• **Task objective**
Copying exactly, give the lines in the material below from the one with "Коврики для ванной" to the one with "圖解Shopping Mall情境會話: EZ", ends included, and nothing besides.

• **Record excerpts**
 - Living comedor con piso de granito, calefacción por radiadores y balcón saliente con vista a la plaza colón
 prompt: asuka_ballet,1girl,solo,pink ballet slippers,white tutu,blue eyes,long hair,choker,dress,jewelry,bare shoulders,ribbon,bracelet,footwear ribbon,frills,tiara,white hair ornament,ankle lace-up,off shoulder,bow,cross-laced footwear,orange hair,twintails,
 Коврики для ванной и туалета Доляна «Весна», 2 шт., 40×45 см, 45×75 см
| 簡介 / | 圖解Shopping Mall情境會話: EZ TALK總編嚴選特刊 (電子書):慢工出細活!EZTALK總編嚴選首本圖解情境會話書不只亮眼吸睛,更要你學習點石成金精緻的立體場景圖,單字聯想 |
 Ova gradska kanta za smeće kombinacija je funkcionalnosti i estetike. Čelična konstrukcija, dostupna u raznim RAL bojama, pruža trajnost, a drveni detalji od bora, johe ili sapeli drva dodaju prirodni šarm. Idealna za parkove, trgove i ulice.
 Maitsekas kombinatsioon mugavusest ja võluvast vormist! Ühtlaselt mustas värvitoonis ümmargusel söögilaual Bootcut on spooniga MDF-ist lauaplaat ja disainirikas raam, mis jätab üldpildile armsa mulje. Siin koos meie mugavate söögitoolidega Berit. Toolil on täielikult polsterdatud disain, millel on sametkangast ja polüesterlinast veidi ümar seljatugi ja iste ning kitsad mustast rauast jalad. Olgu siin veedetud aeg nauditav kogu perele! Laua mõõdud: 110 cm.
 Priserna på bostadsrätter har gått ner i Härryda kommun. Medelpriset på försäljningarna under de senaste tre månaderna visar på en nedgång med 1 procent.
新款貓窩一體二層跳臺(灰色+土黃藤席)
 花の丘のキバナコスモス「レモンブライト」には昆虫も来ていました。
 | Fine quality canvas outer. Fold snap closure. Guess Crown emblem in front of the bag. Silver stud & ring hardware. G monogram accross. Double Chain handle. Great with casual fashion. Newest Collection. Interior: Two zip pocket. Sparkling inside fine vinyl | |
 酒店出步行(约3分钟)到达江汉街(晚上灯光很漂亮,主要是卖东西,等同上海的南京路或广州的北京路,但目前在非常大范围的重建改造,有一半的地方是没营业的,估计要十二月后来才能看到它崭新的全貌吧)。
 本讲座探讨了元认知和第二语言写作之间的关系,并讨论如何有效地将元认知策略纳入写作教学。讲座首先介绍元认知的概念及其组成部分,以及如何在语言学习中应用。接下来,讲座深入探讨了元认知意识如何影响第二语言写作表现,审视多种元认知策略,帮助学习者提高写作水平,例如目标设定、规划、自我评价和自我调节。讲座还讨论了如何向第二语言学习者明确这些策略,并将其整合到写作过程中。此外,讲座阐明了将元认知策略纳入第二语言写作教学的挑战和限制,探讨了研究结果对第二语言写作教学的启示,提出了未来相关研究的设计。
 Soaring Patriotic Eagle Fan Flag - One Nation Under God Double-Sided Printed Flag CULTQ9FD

• **Solution**
 Коврики для ванной и туалета Доляна «Весна», 2 шт., 40×45 см, 45×75 см
| 簡介 / | 圖解Shopping Mall情境會話: EZ TALK總編嚴選特刊 (電子書):慢工出細活!EZTALK總編嚴選首本圖解情境會話書不只亮眼吸睛,更要你學習點石成金精緻的立體場景圖,單字聯想 |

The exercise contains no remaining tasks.